相談事-2
先輩は早くも一缶空けると満面の笑みで私に顔を向ける。
「それにしても瑞穂ちゃん!可愛くなったね!」
「恋してますから」
にっこりと微笑んで答える。
「康平も弱々しいとこあるけど優しさ溢れんばかりの良い男だかんなぁ!」
「…そう、ですね」
そう、康平の誰にでも平等に与えるその優しさに私は惚れた。でも、その優しさに傷つけられる人間もいるってことを、彼は理解してない。
優しさはズルさでもある。そこに打算的なものがあろうが無かろうが、優しさは時に薬にも毒にもなりうるものだ。

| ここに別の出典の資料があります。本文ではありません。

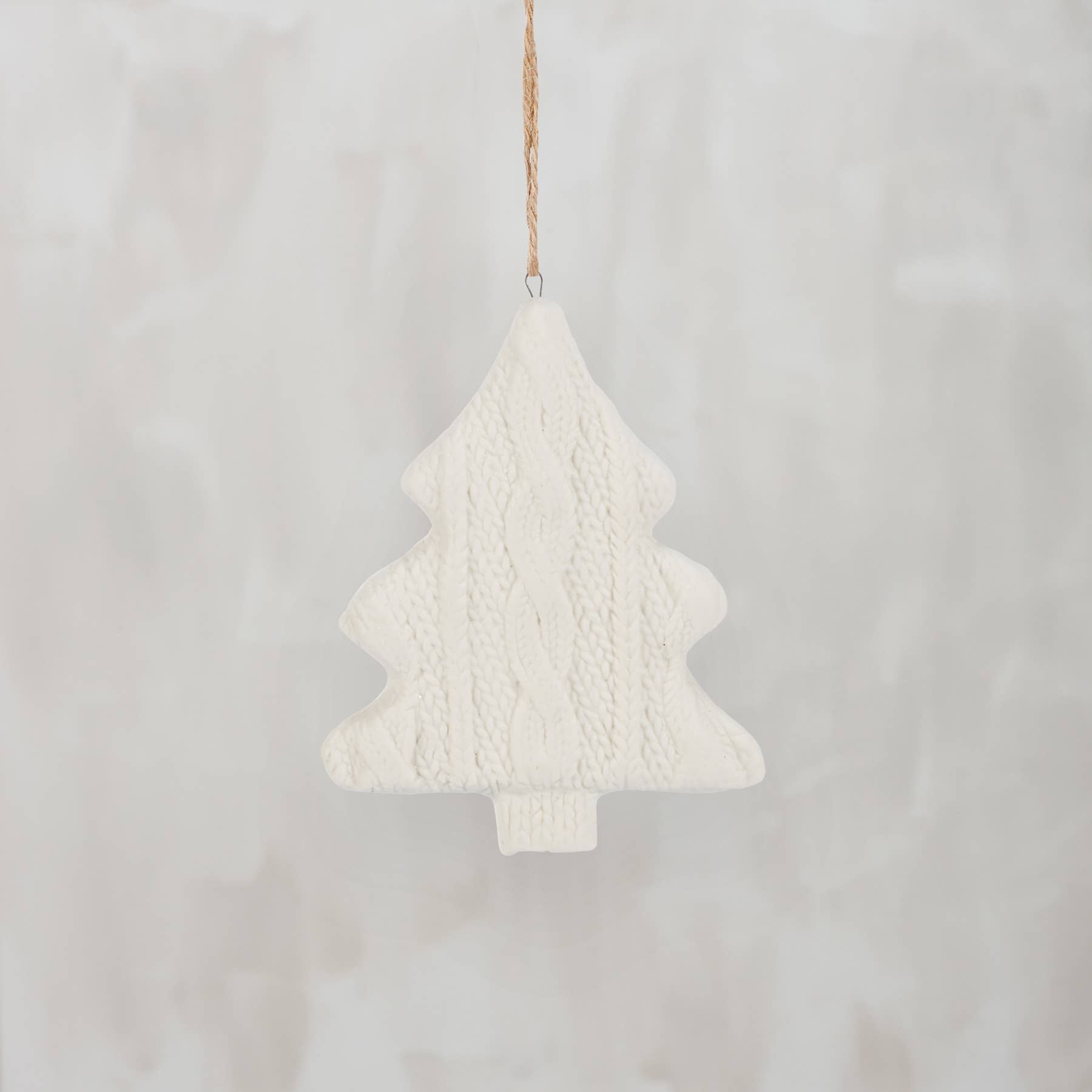 A decorative stoneware ornament from our Christmas Collection featuring a knitted mitten Christmas tree shape in a neutral color palette. Our Knitted Tree ornament is easy to hang via attached jute hanger. A neutral seasonal home accent.

そう、伝えたこともある。康平は何だかキョトンとした顔をしていたけれど…。
「んで、そんな恋して絶好調な瑞穂ちゃんがわざわざ自分家まで呼んで俺に相談って何かね?」
先輩のにやけ面が何だかムカついた。
「先輩って、何人の人とエッチしました?」
「は?」
当然と言えば当然の返しである。
昼間っから飲酒をたしなめた女が昼間っから下ネタを振るのだから。
私は多分今、真っ赤な顔だろうと思う。
「…ははーん、そういうあれか」
訳知り顔で先輩はそう言うと、空になった缶を持って最後の一滴を口に垂らした。
「ビール、おかわりあるかな?」
「あ、あります」
「君も呑めよ」
「いえ、私は…」
「いいから。言い訳にもなる」
何を言ってるのかよく分からなかったけど、私はビール缶を二つ持って先輩の元へと戻る。
「こっち座んなよ」
先輩の対面に座る私にそう言って、己が座るソファーをポンポンと叩く。
「はぁ」
私も特に断る理由が見つからないので先輩
隣に腰掛けた。
「まず乾杯」
「乾杯」
缶を軽くぶつけあって乾杯をすると、私は久し振りにアルコールを摂取した。
「旨いよな」
「まぁ、まずくはないです」
「素直じゃないな」
「本当です。それよりさっきの」
「ああ、えっと…何人だっけな」
「そんな数えられないくらいしてるんですか?」
「いや、思い出せば数えられるけど」
「そういう問題じゃないですよ。不潔です」
「そうかなぁ?」
そんな話の最中に気付いた。
先輩の手が私の腰に回されている。
「あの」
「思い出した、多分55人だね」
「55人!?」
「うん、確かそう」
言いながら先輩の手は私の腰や背中をいやらしく撫で回す。
「先輩?」
「ん?」
「あの、ちょっとそういうのはやめてくれませんか?」
「ただのマッサージだよ」
先輩が尾骨の辺りを親指でぐっと押してきて私は背中が伸びる。
「んっ」
「おっと、色っぽい声が聞こえたぞ?」
「先輩!」
私は先輩の手を取り体を向ける。
抗議の声を上げるつもりだった。
酔っぱらいに厳しく意見するつもりだった。